(DATA EXCERPTS)

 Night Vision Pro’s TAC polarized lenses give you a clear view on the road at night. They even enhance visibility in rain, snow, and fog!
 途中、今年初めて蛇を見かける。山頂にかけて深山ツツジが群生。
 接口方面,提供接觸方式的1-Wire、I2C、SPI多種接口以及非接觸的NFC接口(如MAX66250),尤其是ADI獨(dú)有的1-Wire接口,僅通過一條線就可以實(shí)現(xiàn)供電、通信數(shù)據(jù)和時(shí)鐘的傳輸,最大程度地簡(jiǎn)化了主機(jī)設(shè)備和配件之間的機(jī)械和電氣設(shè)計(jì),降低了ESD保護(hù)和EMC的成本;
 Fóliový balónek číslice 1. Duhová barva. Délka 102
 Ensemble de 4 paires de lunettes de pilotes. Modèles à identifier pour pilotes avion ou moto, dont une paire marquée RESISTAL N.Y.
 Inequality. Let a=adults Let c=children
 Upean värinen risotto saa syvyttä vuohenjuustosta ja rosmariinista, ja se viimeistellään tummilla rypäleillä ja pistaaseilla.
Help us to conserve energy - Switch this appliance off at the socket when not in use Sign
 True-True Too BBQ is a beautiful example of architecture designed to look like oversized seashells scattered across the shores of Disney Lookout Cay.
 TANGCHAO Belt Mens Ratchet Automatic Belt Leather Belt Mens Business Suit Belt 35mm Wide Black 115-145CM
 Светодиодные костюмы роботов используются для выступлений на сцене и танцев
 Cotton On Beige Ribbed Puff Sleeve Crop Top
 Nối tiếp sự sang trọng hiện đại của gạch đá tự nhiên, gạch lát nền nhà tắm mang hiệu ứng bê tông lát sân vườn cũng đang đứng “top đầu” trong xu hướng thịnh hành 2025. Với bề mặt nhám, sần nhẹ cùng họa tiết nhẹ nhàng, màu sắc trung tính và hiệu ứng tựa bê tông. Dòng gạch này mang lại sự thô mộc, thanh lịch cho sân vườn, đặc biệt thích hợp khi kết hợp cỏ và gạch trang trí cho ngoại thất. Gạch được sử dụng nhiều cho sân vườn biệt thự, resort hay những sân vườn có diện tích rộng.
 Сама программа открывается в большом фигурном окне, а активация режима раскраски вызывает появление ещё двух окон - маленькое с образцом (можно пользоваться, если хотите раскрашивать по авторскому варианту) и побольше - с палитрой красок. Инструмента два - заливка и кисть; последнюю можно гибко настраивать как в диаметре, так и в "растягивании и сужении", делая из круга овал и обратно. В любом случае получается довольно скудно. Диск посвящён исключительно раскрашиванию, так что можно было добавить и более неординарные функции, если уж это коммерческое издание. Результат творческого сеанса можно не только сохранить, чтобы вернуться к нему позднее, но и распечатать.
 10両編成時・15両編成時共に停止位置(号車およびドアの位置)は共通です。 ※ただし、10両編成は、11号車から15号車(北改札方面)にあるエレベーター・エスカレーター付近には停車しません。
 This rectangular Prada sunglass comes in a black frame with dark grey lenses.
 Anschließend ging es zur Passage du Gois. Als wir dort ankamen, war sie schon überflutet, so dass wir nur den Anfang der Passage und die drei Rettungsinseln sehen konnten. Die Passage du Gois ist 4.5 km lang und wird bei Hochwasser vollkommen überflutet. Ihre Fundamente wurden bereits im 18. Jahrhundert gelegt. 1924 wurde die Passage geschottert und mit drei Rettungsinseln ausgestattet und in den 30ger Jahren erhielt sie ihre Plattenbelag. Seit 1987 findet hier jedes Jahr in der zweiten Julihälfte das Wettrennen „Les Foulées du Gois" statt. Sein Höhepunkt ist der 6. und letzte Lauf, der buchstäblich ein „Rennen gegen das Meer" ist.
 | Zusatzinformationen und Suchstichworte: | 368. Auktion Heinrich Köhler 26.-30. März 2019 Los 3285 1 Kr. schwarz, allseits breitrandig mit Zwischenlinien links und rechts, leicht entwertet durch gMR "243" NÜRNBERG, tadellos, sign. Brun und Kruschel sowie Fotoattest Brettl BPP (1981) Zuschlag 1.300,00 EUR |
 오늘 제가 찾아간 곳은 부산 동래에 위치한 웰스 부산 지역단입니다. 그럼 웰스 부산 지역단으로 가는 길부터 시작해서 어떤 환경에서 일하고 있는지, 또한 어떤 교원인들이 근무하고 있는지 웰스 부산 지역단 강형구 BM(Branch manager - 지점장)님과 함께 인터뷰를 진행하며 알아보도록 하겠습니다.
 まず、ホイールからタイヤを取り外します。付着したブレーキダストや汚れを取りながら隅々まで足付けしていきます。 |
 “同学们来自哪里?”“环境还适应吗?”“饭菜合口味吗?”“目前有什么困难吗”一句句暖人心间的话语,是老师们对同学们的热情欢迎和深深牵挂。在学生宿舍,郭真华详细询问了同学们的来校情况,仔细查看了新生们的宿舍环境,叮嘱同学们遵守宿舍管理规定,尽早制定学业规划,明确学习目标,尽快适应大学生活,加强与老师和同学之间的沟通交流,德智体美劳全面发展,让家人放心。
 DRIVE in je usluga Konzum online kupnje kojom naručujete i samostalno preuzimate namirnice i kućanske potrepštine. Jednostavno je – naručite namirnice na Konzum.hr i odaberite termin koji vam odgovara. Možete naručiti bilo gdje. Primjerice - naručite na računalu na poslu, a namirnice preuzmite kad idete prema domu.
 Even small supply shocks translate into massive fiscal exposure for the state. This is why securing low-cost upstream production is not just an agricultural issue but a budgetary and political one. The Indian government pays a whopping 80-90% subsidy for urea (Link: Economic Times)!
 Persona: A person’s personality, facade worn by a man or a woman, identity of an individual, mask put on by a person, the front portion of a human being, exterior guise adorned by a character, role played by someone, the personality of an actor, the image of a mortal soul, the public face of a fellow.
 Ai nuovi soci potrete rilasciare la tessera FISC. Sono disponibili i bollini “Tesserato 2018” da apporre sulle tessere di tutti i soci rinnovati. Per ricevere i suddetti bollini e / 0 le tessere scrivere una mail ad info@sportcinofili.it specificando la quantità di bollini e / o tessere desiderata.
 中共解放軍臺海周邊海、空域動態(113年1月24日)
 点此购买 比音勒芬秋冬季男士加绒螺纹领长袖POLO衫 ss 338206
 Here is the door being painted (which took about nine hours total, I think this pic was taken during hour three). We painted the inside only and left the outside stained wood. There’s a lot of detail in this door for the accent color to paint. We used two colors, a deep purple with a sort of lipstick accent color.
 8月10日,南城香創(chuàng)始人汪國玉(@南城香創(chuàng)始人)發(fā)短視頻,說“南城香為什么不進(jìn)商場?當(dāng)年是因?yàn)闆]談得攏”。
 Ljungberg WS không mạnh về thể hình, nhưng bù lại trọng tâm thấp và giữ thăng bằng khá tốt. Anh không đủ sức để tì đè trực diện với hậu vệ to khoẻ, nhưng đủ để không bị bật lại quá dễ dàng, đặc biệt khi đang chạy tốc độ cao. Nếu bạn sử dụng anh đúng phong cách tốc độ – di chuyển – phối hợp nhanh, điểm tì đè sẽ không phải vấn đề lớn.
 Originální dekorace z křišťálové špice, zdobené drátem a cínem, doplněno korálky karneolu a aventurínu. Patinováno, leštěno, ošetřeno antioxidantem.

(End DATA EXCERPTS)

## WHAT YOU WILL DO
Search the records for the word "being". Copy every line that has it.

## YOUR SOLUTION
 Persona: A person’s personality, facade worn by a man or a woman, identity of an individual, mask put on by a person, the front portion of a human being, exterior guise adorned by a character, role played by someone, the personality of an actor, the image of a mortal soul, the public face of a fellow.
 Here is the door being painted (which took about nine hours total, I think this pic was taken during hour three). We painted the inside only and left the outside stained wood. There’s a lot of detail in this door for the accent color to paint. We used two colors, a deep purple with a sort of lipstick accent color.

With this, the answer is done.